When she was twelve, and she had only known Alucard for a short while, Integra misunderstood the constant presence of the bottle.

She thought, _he drinks_.

She made no judgment. Her beloved father had drank, had a passion for scotch. If anything, Integra thought positively about the occasional spirit; it was one of the few times she saw a smile on her father's sunken, haunted face.

Integra had no use for the scotch after he was dead.

She looked sadly at the half-empty bottle, sitting lonely in her father's abandoned study. She lifted it up gingerly. Under it, there was a ring of bare wood, surrounded by a film of dust.

The study was just as he left it; piles of paper stacked hap hazardously on every flat surface, books stacked on the floor, an ash tray on the desk, full of cigarette butts, and, of course, a bottle of scotch on the blotter. It was as if he had just gotten up from his chair, and would be back any moment. It was as if he had been uprooted suddenly and unexpectedly, like the a volcano erupted and he had dropped everything where it was. A moment frozen in time.

It was so tempting to leave just as it was. Close to door and never disturb this study-a time capsule, in memoriam.

Except that it was her office now. And she needed the space, and she needed it clean and neat, and that meant everything had to go; the old paperwork, the ash tray, the bottle. The paper work could be archived, the ash tray dumped, and Walter could have the cigarettes if he liked-he claimed to have quit smoking years ago, but the aroma of tobacco clung to his uniform and Integra imagined he must be sneaking smokes in the lavatory.

Integra rolled the bottle in her hands, watching the dark amber liquid swirl within the glass.

With resolve, she turned around and left the abandoned study and silently descended the grand staircase to the first floor, weaved down a narrow corridor and found her way to the sublevel stairs and climbed down into the moist, cool darkness. After some walking, she followed a sharp turn and found the hidden alcove the vampire had claimed as his own.

It was odd. Alucard had no sense of privacy-had no "room," just lived at the end of the corridor like a dragon at the back of a cave. That is where he had moved his coffin to, and that's where the girl knew she could find him.

On her way, Integra started to have second thoughts. On one hand, sobriety was a virtue.

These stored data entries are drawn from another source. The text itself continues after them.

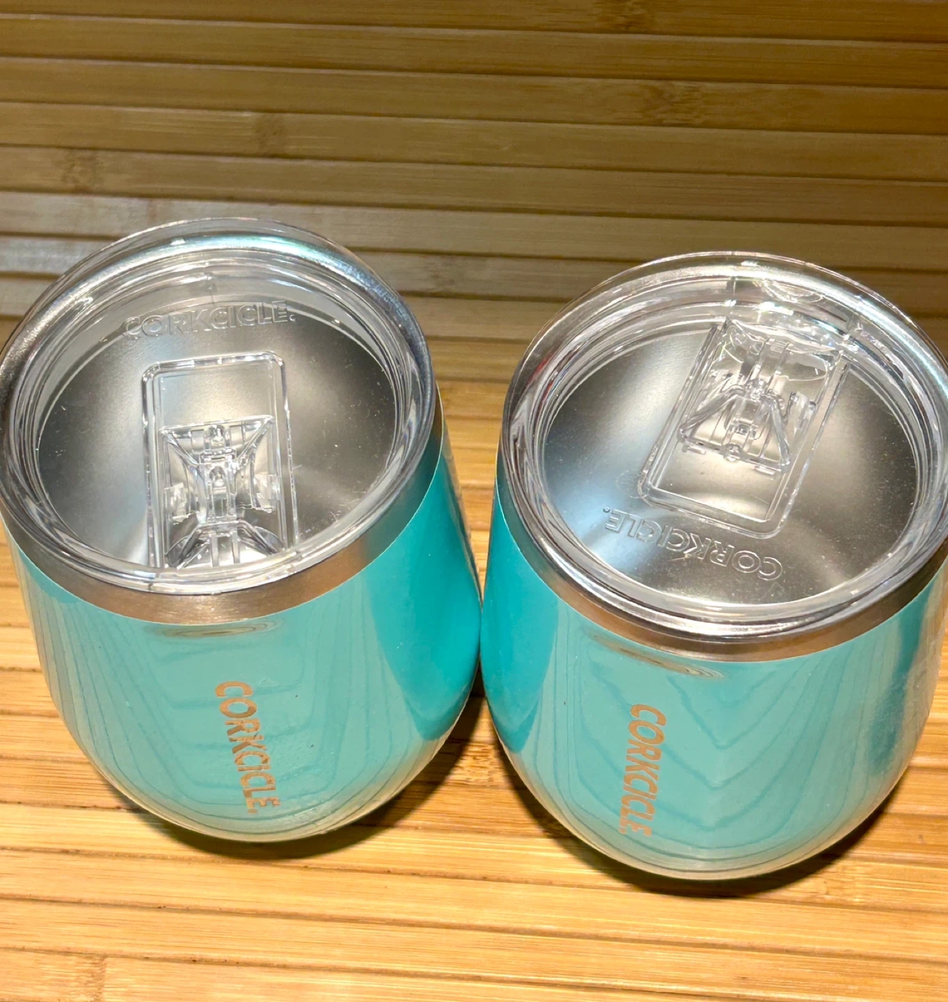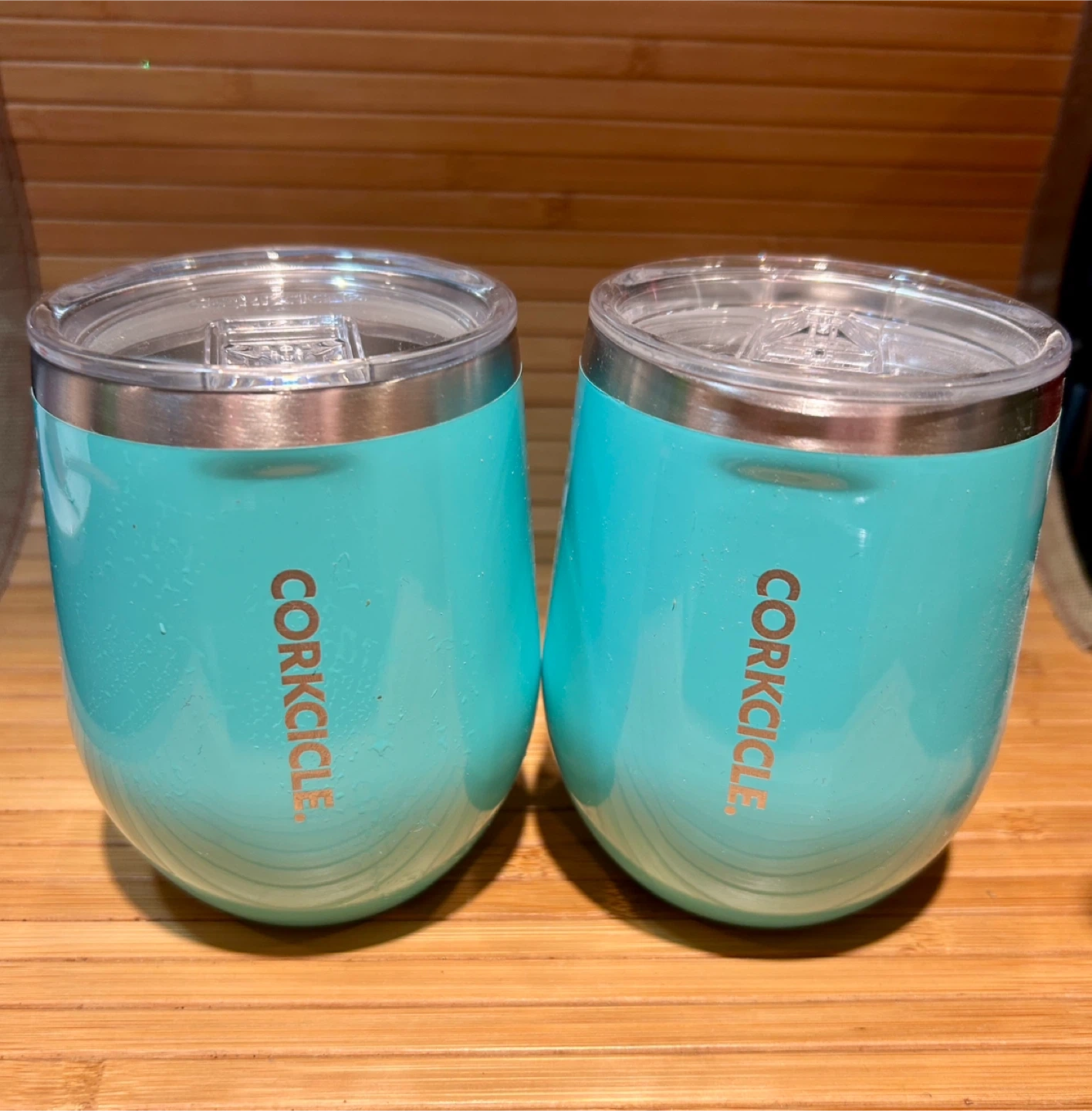Set of two turquoise Corkcicle tumblers. These tumblers feature a stemless design and come with clear lids. They're perfect for keeping drinks cold or hot.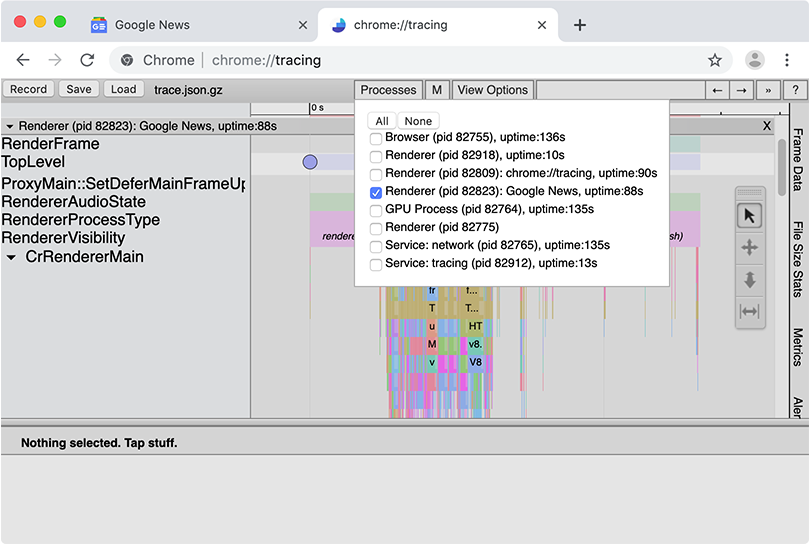 Look for a “Renderer” section that contains the web page title from the recorded tab. The easiest way to do this is by clicking “Processes”, then clicking “None” to uncheck all entries, and then selecting only the renderer you’re interested in.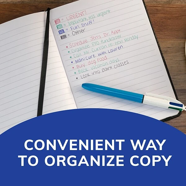 With four colors in one pen, you can enjoy an endless stream of multi-color uses. Add illustrations to your writing, or color code your written work for easier identification of important sections. These pens are great for note taking at school. They’re fun for all ages and can be used to write recipes, jot down notes, record detailed instructions or simply doodle. Each pen provides multiple color choices conveniently, requiring a simple click to instantly change from one color to the next.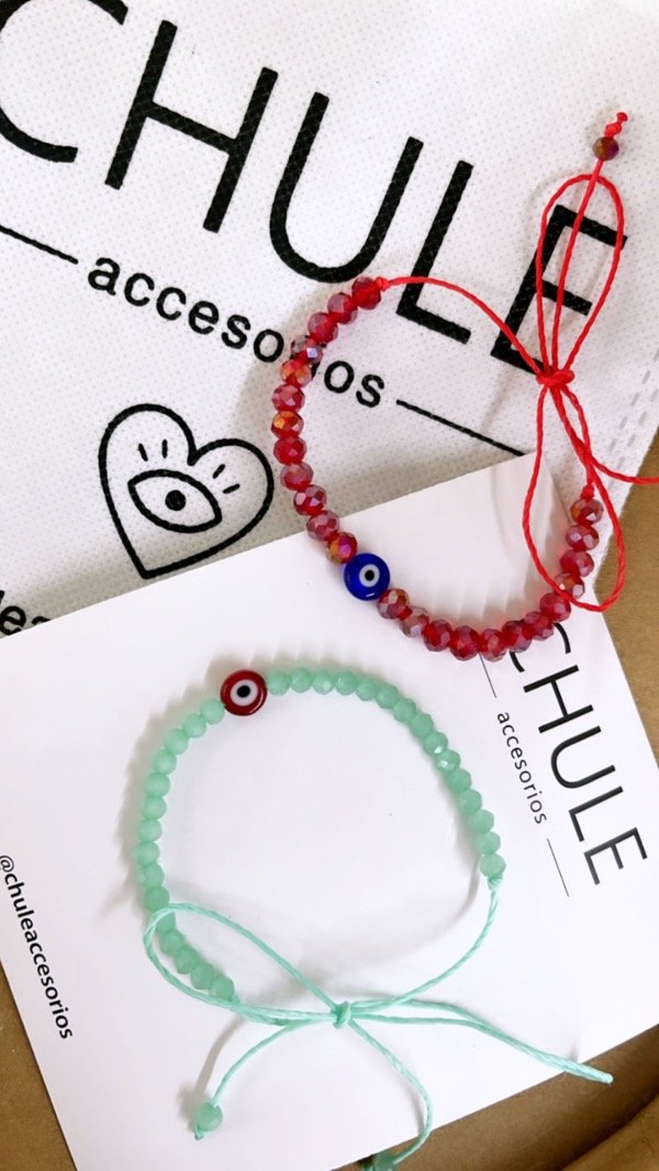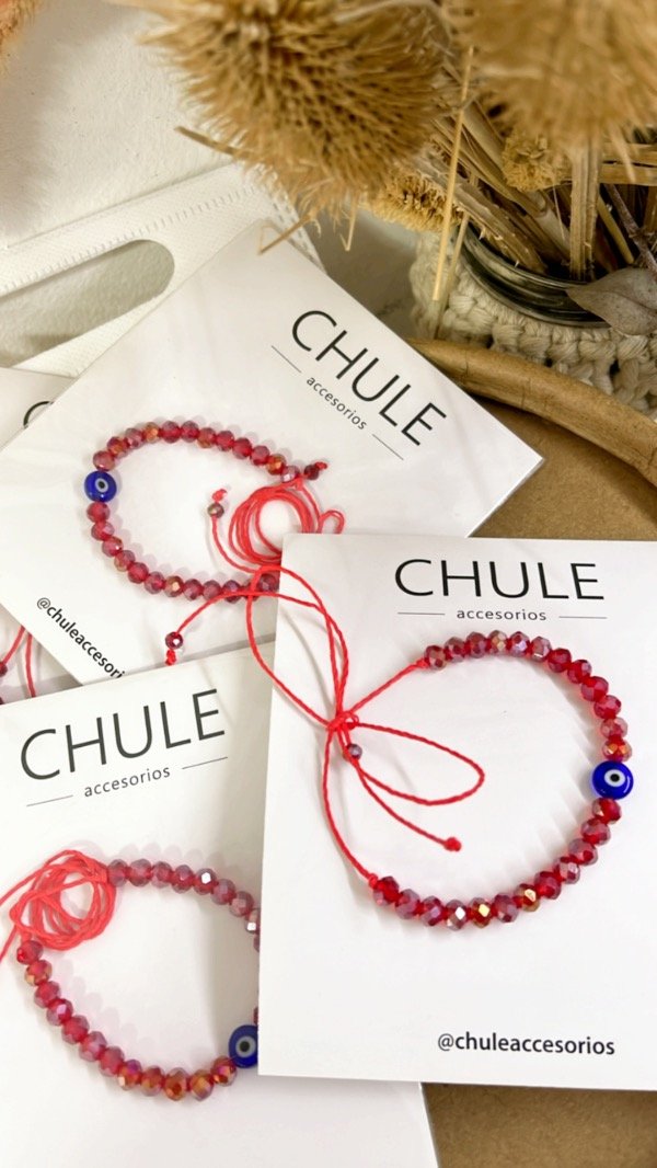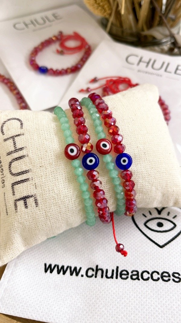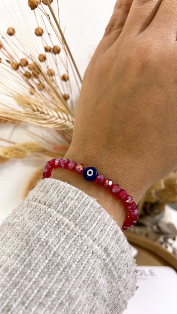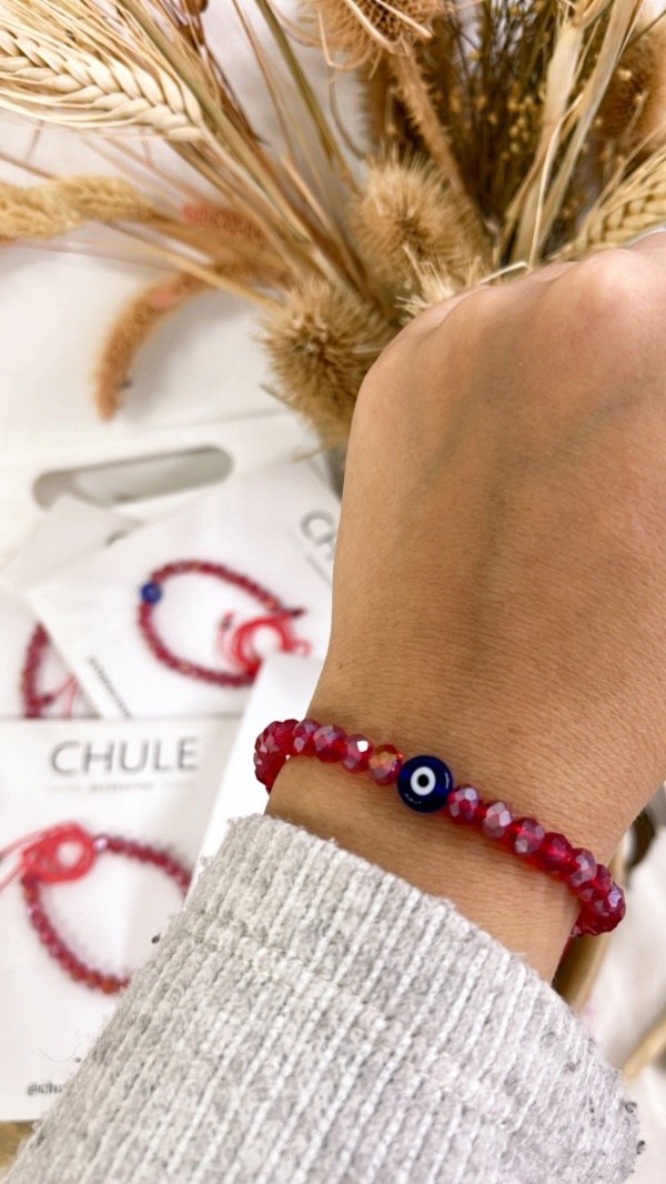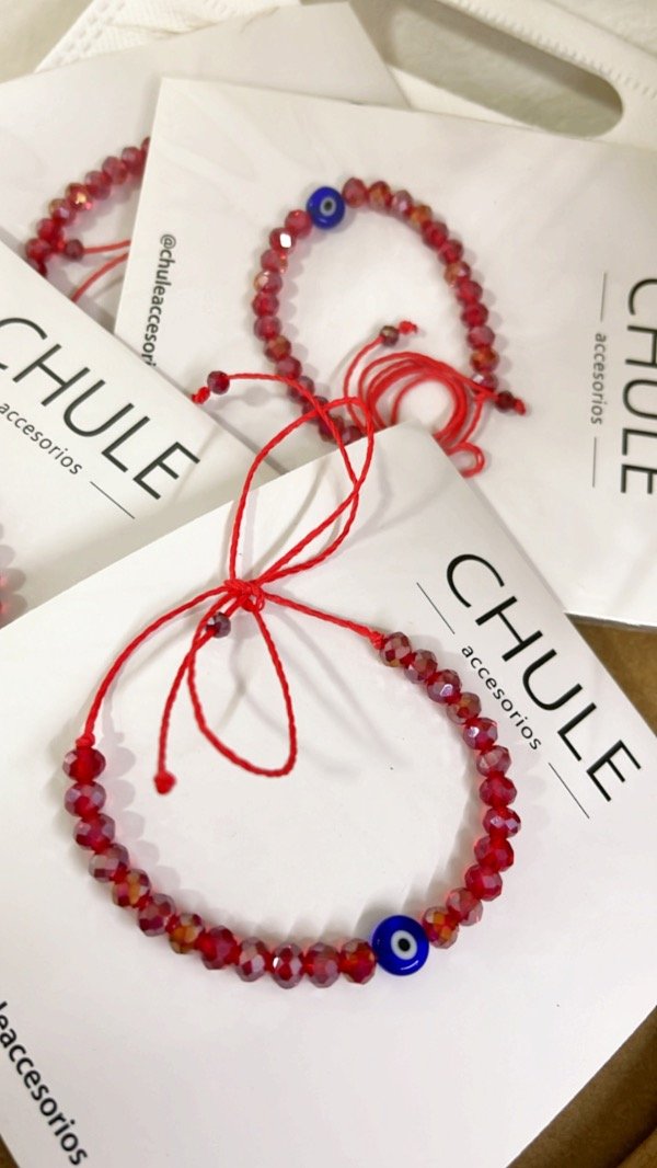 Los cristalitos son rojo granate, con un hermoso brillo nacarado. El ojo turco azul en vidrio, es de nuestra colección de importados :) los trajimos de nuestro último viaje a Chile!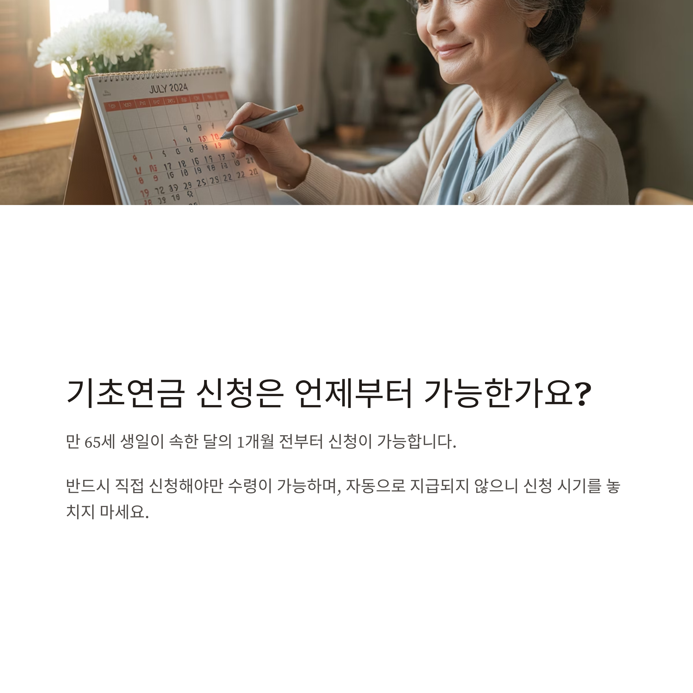 ✔ 신청 시기: 만 65세 생일이 속한 달의 1개월 전부터 가능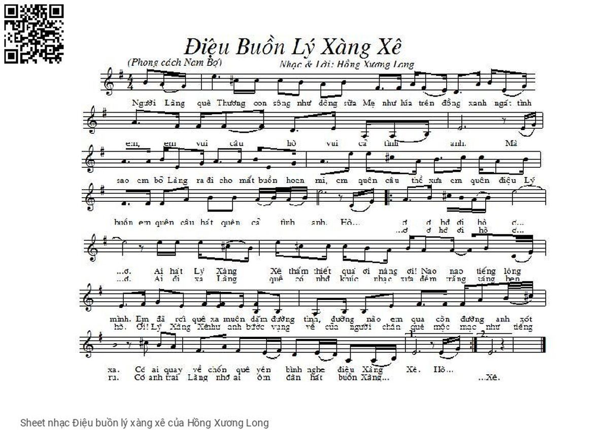 Hồng Xương Long Người làng quê thương con sông như dòng sữa mẹ [PDF] [Sheet] [Lyrics] [Mp4/Midi]

Regular drinking was a symptom of inner sickness that alcohol exacerbated, rather than cured, over time.

On the other hand, it was almost comforting to know Alucard took a drink now and again. It made it him seem more human.

It was that human side she longed to touch. She wanted to know him, know_ about_ him, and not from prying information out of a guarded, reluctant Walter. All Integra knew of the vampire was that he was great and terrible and unpleasant, and she was starting to suspect that, really, that's all there was to it.

She wanted to have a drink with him.

It was what _men_ did. When guests came to the house, her father would invite them into his study or into the library, pry open the brandy or the scotch and pour a few drinks. Then they would talk.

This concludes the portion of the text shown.